A leading boutique manufacturer based in South East Queensland has had sustained sales growth year on year without the need for any advertising. Since opening in 2010, the manufacturer has built a sustainable clientele base which means they are constantly at operating capacity. Despite this, the manufacturer has yet to capitalise on its favourable situation to achieve a consistent and sustainable profit. Furthermore, the company was unable to articulate the causes for their low and fluctuating profitability. In order to uncover the underlying problems, the South East Queensland manufacturer contacted Aurelius Advisory.
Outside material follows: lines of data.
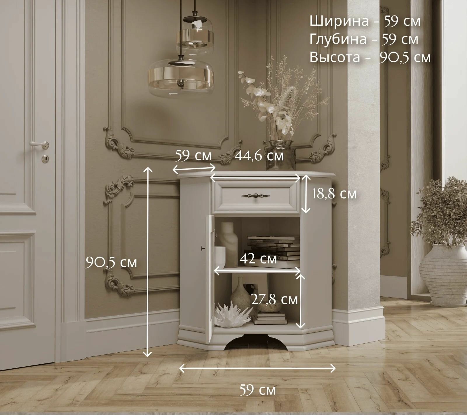 Распашная дверь, съемная полка внутри глубокой (59 см) ниши, выдвижной ящик для мелочей — все необходимые элементы для удобного хранения вещей в каком угодно углу.
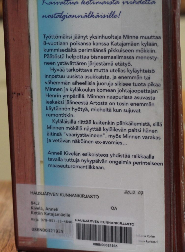 Kirjaan tartuminen jännitti sillä en ole mikään niin sanottujen tyttökirjojen ystävä. Kirjan aihe paluumuutajasta oli kuitenkin kiehtova. Olin jo kerran koittanut lukea tämän kirjan, mutta silloin lukeminen tyssäsi. Nyt luin kirjan aika nopeasti omaan lukutahtiini nähden. Kirjan kerronta oli sujuvaa ja elämänmakuista kerrontaa. Tekstin tunnelmat vaihtelevat niin kuin elämässäkin. Yleisvire on kuitenkin positiivinen. Tilanteiden muuttuminen on elämää ja suuret muutokset pelottavat ja arveluttavat. Kirja luo uskoa, että muutos ei yleensä ole pahasta.
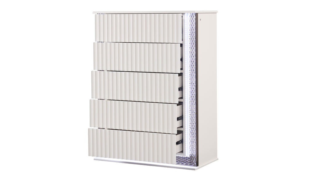 This contemporary chest combines modern design with functional storage, making it an ideal addition to any bedroom. Its textured front adds visual depth and style, while diamond-patterned side accents offer a refined, elegant touch. Integrated LED lighting along the side panels casts a soft, ambient glow that enhances its unique details. With multiple drawers, it provides ample space for organizing clothes and linens, and the top drawer is lined with rich red velvet—perfect for storing delicate items. Crafted from a blend of solid and manufactured wood, this chest offers both lasting durability and sophisticated style.
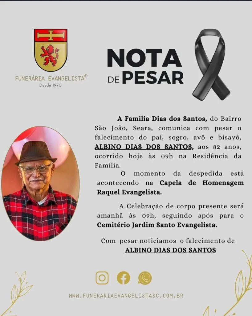Falecimento: ALBINO DIAS DOS SANTOS
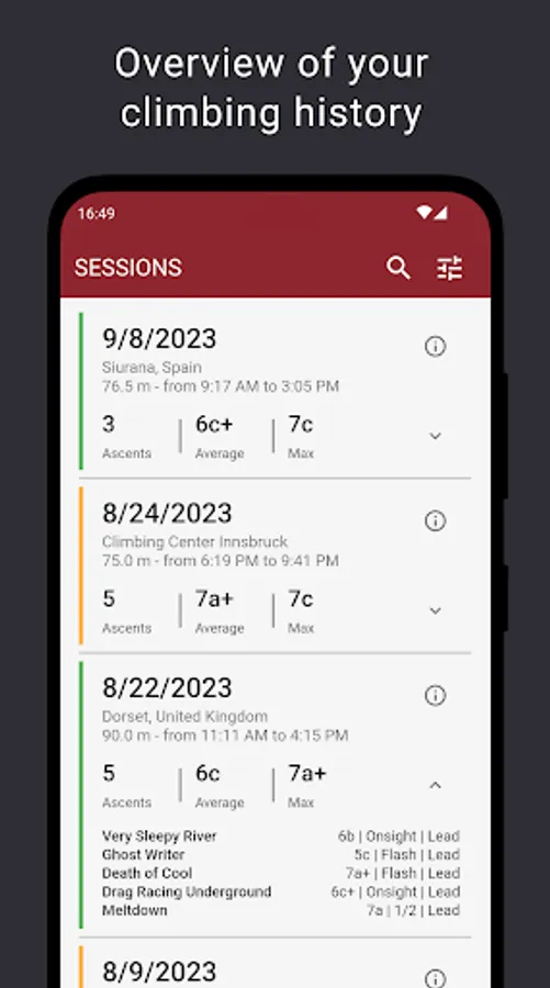 Who does not know it, you are climbing and wondering whether you have already climbed this route? An overview of all your climbed routes promises help.
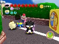 From there on, Kitty's left to run around the level collecting coins, beating up Blockheads with her wand, saving other Sanrio characters, and checking mailboxes to find out ways to win new pretty outfits to wear. You see, Hello Kitty is marketed towards girls, and girls want nothing better than to play dress up with their heroines, right? Right? Yeah, I think it's a crock too. Either way, you get new sporty dresses for Kitty to wear, as well as a few changes to her bonking stick, and all it takes to change is a quick trip into the closet. It's purely cosmetic, however, which is a tad irritating with the weapons, as one would expect even the slightest upgrade to take place over the course of the game.
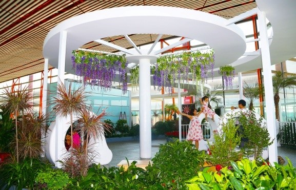 C18登機口處有一處景觀叫夢想種植園,整個景觀以中國祥云的傳統(tǒng)曲線形式為設(shè)計出發(fā)點,設(shè)計帶有中國風(fēng)情的現(xiàn)代流線型的室內(nèi)植物花園,擁有木芙蓉、凌霄、紫薇、非洲菊、錦葵、大麗花等多種新型綠植。三大平臺的高差變化,多樣親民的功能分區(qū),綠色植物的高低圍合,營造出有傳統(tǒng)特色的自然、夢幻的室內(nèi)景觀。

The director of the manufacturing company met with the director of Aurelius advisory, Andrew Daniels, giving him an understanding of the company's strategy, operations, quoting procedure and financials. Upon conducting a review and in-depth financial analysis, Aurelius Advisory identified that the costing and quoting process required reengineering. In essence the client was guessing the materials costs and hours required to complete the product and adding a flat fee to cover overhead expenses. The Aurelius team helped the company develop a better way to allocate their costs, enabling the manufacturer to gain greater clarity on their margins per customer and their product lines. The analysis identified that a number of the product lines which were believed to be profitable were actually costing the business money and have since been repriced. Utilising the findings from the analysis, a new quoting calculator was developed which has enabled the client to assign the appropriate costs to each product so they can calculate the anticipated margin for manufacturing each product.
This knowledge has led the manufacturer to immediately ceasing one product line and adjusting their pricing methods for their remaining products. As a result the company now has a consistent and healthy profit margin each and every month.